Records from a data collection:
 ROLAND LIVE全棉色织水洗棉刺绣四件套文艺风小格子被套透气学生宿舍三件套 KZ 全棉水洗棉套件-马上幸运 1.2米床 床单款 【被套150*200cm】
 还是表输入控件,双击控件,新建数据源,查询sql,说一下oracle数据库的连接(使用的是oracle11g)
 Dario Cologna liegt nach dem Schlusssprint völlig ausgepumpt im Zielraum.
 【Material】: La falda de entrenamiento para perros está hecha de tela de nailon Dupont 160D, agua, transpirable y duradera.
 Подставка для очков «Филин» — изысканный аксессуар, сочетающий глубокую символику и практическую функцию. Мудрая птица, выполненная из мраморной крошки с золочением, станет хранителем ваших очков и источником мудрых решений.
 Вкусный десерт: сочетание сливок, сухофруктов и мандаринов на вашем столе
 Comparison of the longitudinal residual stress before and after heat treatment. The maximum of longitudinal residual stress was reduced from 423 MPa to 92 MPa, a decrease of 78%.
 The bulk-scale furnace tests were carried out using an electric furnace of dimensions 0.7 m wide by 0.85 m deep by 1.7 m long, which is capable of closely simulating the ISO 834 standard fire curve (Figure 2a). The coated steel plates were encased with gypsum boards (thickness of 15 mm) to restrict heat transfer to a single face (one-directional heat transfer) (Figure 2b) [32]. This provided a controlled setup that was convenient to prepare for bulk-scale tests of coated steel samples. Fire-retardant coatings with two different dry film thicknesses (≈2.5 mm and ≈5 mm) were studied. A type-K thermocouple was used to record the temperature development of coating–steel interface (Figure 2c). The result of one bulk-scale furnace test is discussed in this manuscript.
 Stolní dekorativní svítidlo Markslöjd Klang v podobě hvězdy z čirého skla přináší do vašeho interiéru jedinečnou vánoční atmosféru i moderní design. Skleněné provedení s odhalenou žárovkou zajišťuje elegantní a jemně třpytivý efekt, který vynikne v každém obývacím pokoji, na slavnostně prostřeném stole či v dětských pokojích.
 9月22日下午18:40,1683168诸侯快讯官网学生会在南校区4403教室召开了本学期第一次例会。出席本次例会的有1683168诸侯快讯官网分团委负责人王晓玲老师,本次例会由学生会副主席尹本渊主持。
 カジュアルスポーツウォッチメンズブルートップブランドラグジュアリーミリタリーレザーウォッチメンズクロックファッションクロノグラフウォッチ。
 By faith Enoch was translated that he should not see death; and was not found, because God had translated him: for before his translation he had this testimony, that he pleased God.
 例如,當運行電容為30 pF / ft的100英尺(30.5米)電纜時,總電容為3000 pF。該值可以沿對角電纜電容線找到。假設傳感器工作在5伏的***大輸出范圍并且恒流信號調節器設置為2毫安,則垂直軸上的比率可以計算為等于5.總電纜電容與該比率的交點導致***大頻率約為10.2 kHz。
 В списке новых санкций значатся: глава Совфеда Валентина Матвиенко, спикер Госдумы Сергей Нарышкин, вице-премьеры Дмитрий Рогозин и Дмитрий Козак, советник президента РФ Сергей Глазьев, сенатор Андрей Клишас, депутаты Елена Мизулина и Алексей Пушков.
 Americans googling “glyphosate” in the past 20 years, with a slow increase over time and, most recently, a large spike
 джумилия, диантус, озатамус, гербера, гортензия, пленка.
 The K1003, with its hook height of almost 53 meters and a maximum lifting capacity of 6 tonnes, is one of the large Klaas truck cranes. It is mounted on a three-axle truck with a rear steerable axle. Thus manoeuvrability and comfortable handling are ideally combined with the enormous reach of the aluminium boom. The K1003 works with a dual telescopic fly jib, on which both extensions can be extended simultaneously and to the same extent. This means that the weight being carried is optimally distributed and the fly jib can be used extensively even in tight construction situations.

Assigned task
Word for word, restate the data above from its first line down to and including the line with "Comparison of the".

Written response
 ROLAND LIVE全棉色织水洗棉刺绣四件套文艺风小格子被套透气学生宿舍三件套 KZ 全棉水洗棉套件-马上幸运 1.2米床 床单款 【被套150*200cm】
 还是表输入控件,双击控件,新建数据源,查询sql,说一下oracle数据库的连接(使用的是oracle11g)
 Dario Cologna liegt nach dem Schlusssprint völlig ausgepumpt im Zielraum.
 【Material】: La falda de entrenamiento para perros está hecha de tela de nailon Dupont 160D, agua, transpirable y duradera.
 Подставка для очков «Филин» — изысканный аксессуар, сочетающий глубокую символику и практическую функцию. Мудрая птица, выполненная из мраморной крошки с золочением, станет хранителем ваших очков и источником мудрых решений.
 Вкусный десерт: сочетание сливок, сухофруктов и мандаринов на вашем столе
 Comparison of the longitudinal residual stress before and after heat treatment. The maximum of longitudinal residual stress was reduced from 423 MPa to 92 MPa, a decrease of 78%.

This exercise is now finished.